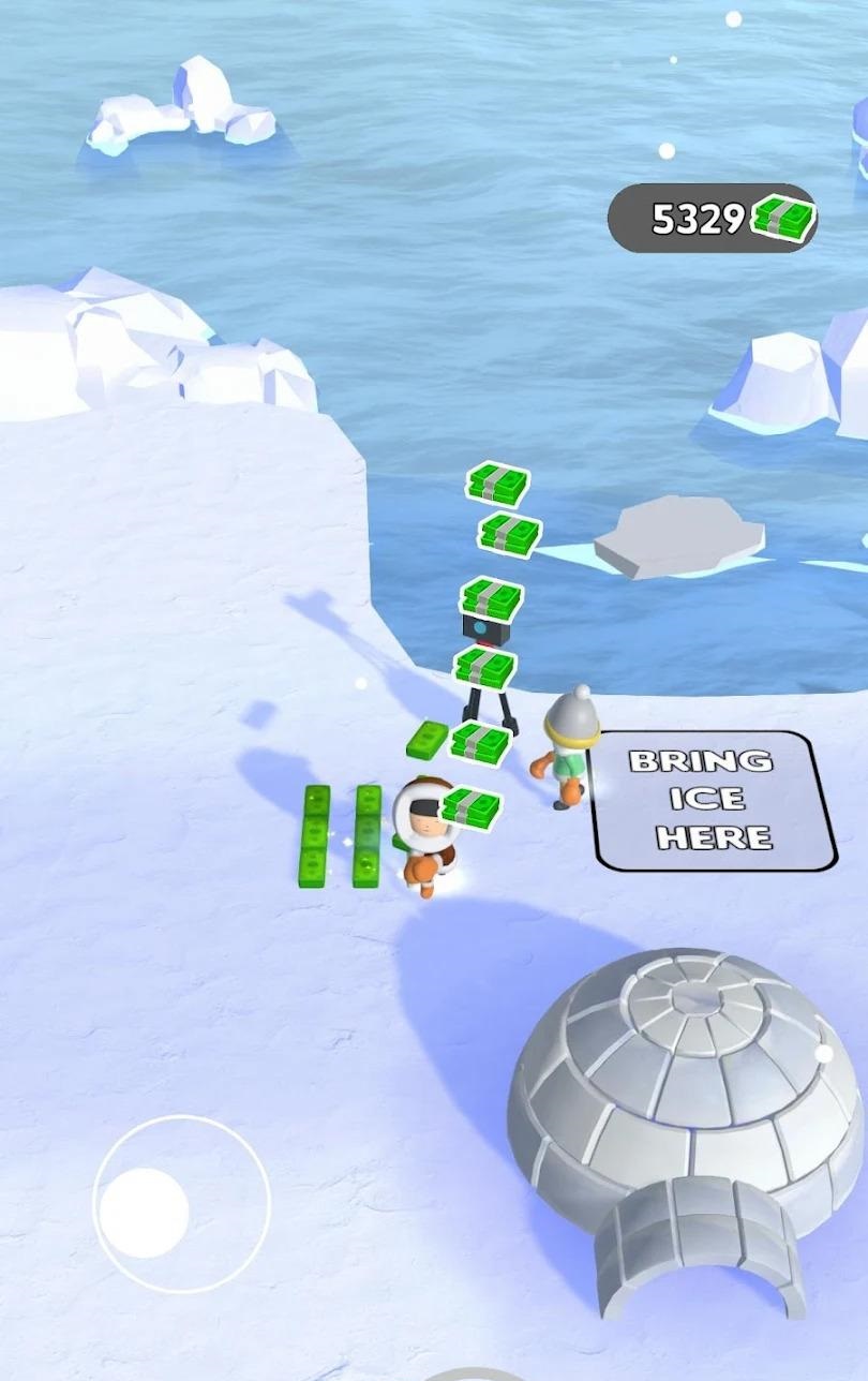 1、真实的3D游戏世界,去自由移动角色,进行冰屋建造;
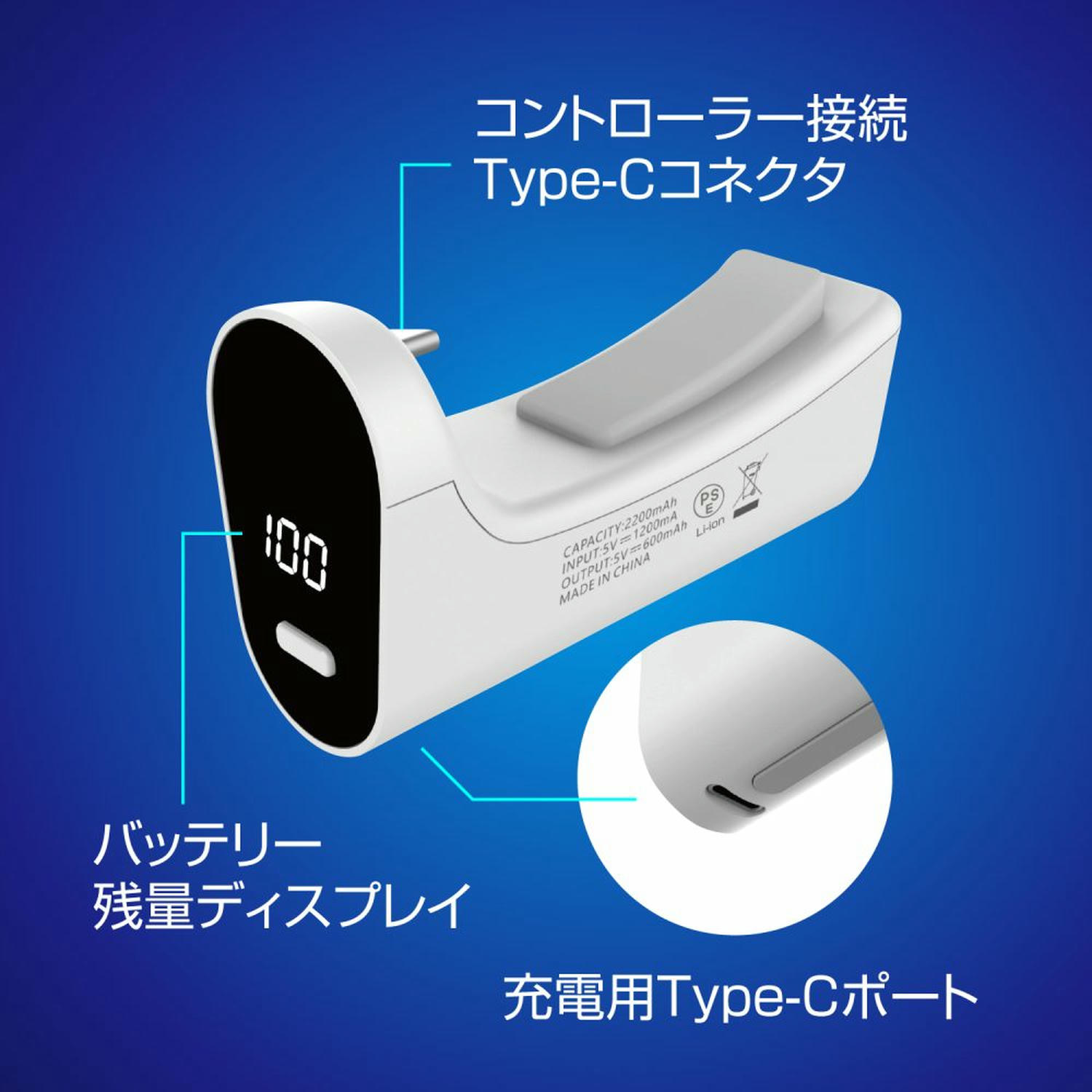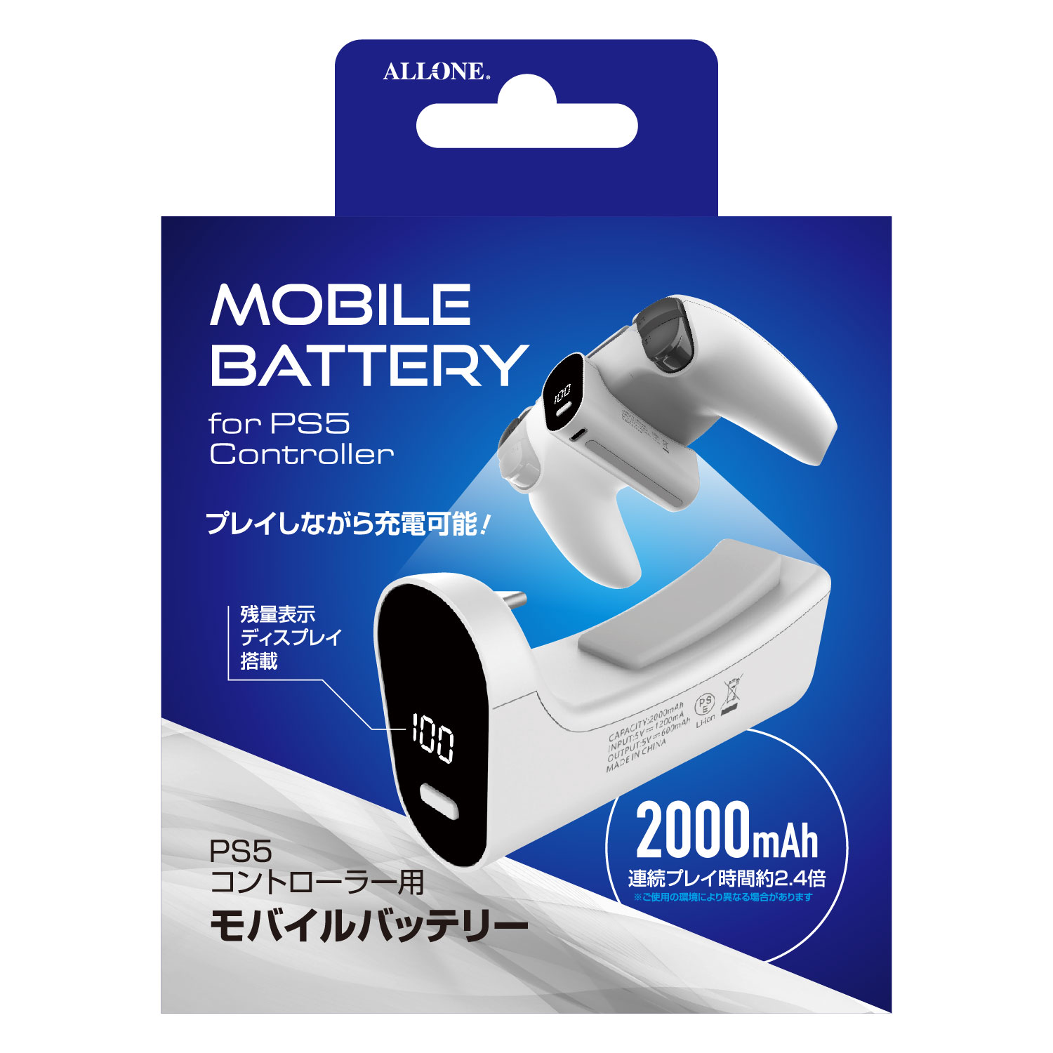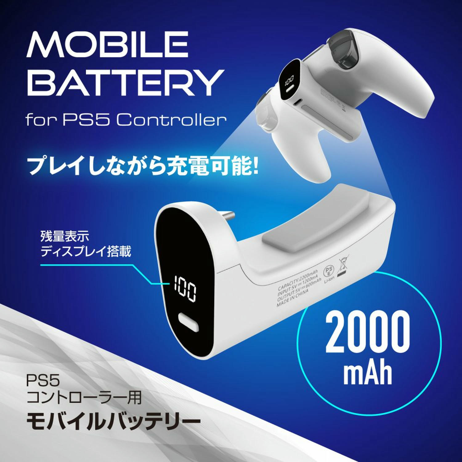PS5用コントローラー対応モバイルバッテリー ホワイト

==*==

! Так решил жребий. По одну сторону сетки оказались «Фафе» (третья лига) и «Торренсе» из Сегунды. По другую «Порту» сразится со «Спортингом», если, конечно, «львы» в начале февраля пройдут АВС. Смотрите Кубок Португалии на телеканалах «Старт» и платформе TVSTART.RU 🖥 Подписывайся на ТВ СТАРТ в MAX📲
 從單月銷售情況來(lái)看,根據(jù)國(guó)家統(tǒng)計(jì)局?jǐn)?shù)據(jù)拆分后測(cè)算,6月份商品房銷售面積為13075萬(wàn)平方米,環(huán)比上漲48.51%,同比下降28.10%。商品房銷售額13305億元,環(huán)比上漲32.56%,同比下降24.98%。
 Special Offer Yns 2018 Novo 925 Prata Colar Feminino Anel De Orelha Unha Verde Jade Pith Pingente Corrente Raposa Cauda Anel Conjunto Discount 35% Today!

==*==

### Work task
Look above for the line with "1、真实的3D游戏世界,去自由移动角色,进行冰屋建造;" and the line with "PS5用コントローラー対応モバイルバッテリー ホワイト", then restate exactly those two lines and all lines between them, with no pictures.

### Response area
 1、真实的3D游戏世界,去自由移动角色,进行冰屋建造;
PS5用コントローラー対応モバイルバッテリー ホワイト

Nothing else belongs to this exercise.